## Problem details
Only the lines from the beginning of the entries through the one with "36W UV lamp" should be written out, please, exactly and without any pictures.

## Listed entries
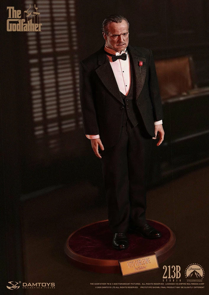 Damtoys is proud to announce The Godfather Vito Corleone Sixth Collectible Figure, the movie protagonist as portrayed by Marlon Brando. The Godfather is a classic movie – directed by the famous Francis Coppola; winner of the 45th Oscars for Best Picture, Best Actor, and Best Adapted Screenplay; ranked no. 2 by the American Film Institute in 100 Years… 100 Movies 2017. Damtoys has transformed Vito Corleone’s classic image into a 1:6 scale Collectible Figure. The head sculpt and costume fully demonstrate the latest production technology and faithfully recreate the character’s likeness. With the rich accessories and highly poseable body (more than 30 points of articulation), collectors can pose him as in the movie.
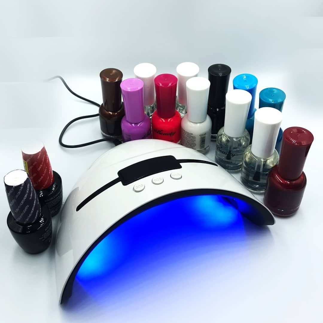 36W UV lamp for gel nails is equipped with 6 UV/LED beadsSuitable for all UV/LED nail polishes, such as base coat, top coat, color gel, builder gel, acrylic, hard gel, sculpture gel, gem 33glue and many others6Nail dryer has 3 timer settings: 30, 60 and 90 seconds. Put your hands / feet in and the light turns on. Remove hands/foot and the light goes off. 180° angled LEDs, no dead corner, cure 5 fingernails or toenails evenly and at the same time.
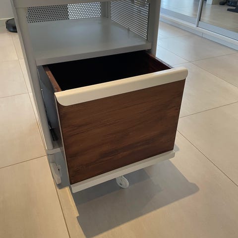 Muutaman vuoden vanhat laatikot jotka on käsitelty heti uutena värittömällä vahalla. Ulkoapäin siisti käytetty, sisäpuolella käytön jälkeä enemmän. Kaikki osat tallella paitsi yksi ruuvi, on pysynyt hyvin kasassa ilman. (Niitä saa tilattua ikean sivuilta ilmaiseksi varaosina.)
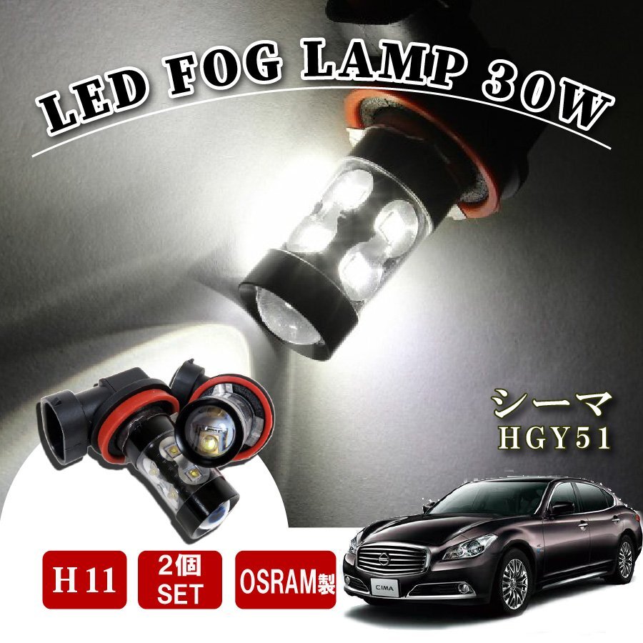 > シーマ HGY51 H11 LED フォグランプ 60W LEDバルブ ホワイト 2個 バルブ 後付け LEDフォグランプバルブ
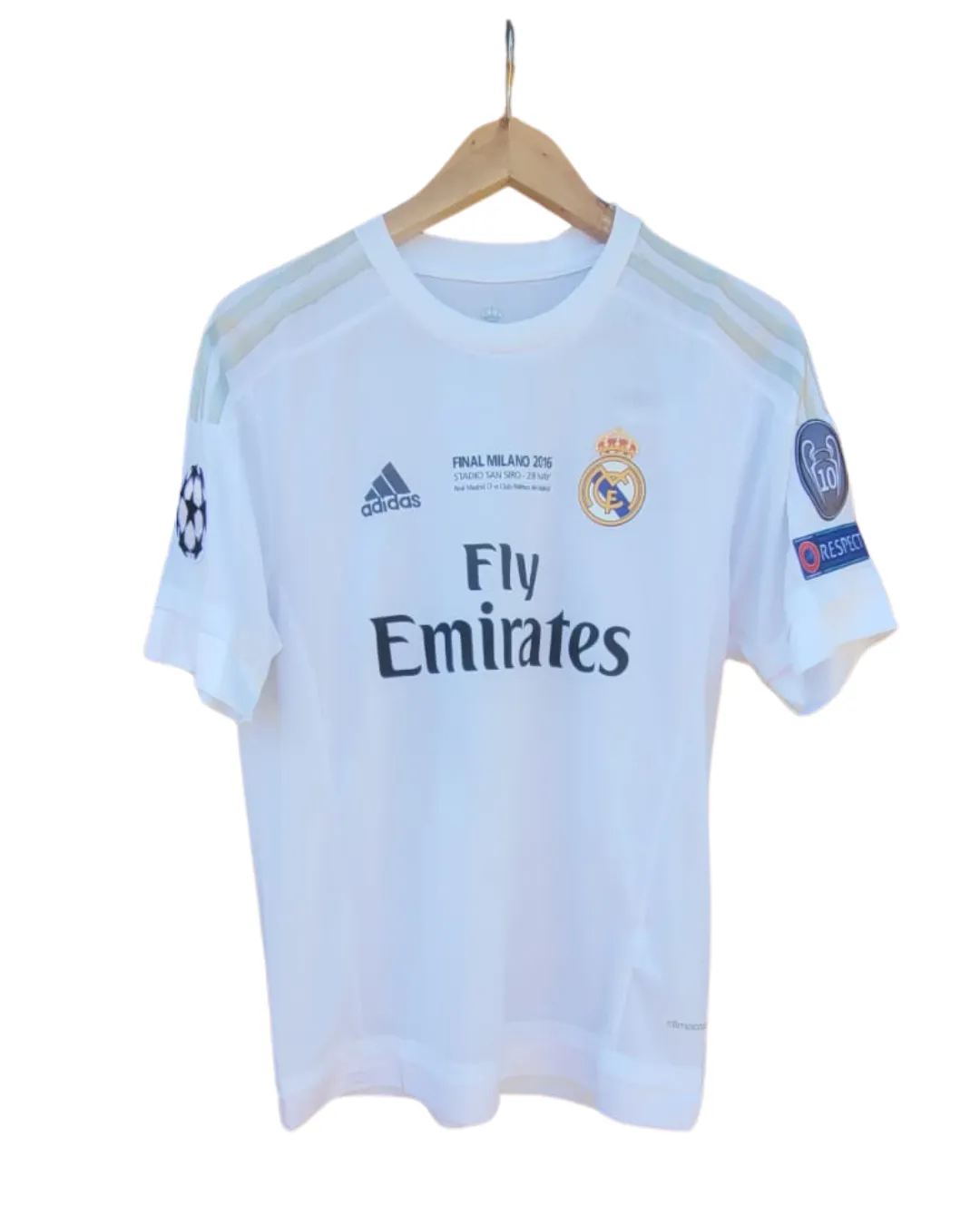 Camiseta Real Madrid Adidas Cristiano Ronaldo Final San Siro manga corta, un artículo imprescindible para coleccionistas y fanáticos del fútbol. Esta prenda conmemora la final de la UEFA Champions League 2016 en San Siro, donde el Real Madrid levantó la Orejona en un histórico partido frente al Atlético de Madrid. Con el nombre y dorsal oficial de Cristiano Ronaldo (CR7), máximo goleador del torneo y figura legendaria del club, esta camiseta representa uno de los momentos más memorables de la era reciente merengue.

## Answer to this exercise
 Damtoys is proud to announce The Godfather Vito Corleone Sixth Collectible Figure, the movie protagonist as portrayed by Marlon Brando. The Godfather is a classic movie – directed by the famous Francis Coppola; winner of the 45th Oscars for Best Picture, Best Actor, and Best Adapted Screenplay; ranked no. 2 by the American Film Institute in 100 Years… 100 Movies 2017. Damtoys has transformed Vito Corleone’s classic image into a 1:6 scale Collectible Figure. The head sculpt and costume fully demonstrate the latest production technology and faithfully recreate the character’s likeness. With the rich accessories and highly poseable body (more than 30 points of articulation), collectors can pose him as in the movie.
 36W UV lamp for gel nails is equipped with 6 UV/LED beadsSuitable for all UV/LED nail polishes, such as base coat, top coat, color gel, builder gel, acrylic, hard gel, sculpture gel, gem 33glue and many others6Nail dryer has 3 timer settings: 30, 60 and 90 seconds. Put your hands / feet in and the light turns on. Remove hands/foot and the light goes off. 180° angled LEDs, no dead corner, cure 5 fingernails or toenails evenly and at the same time.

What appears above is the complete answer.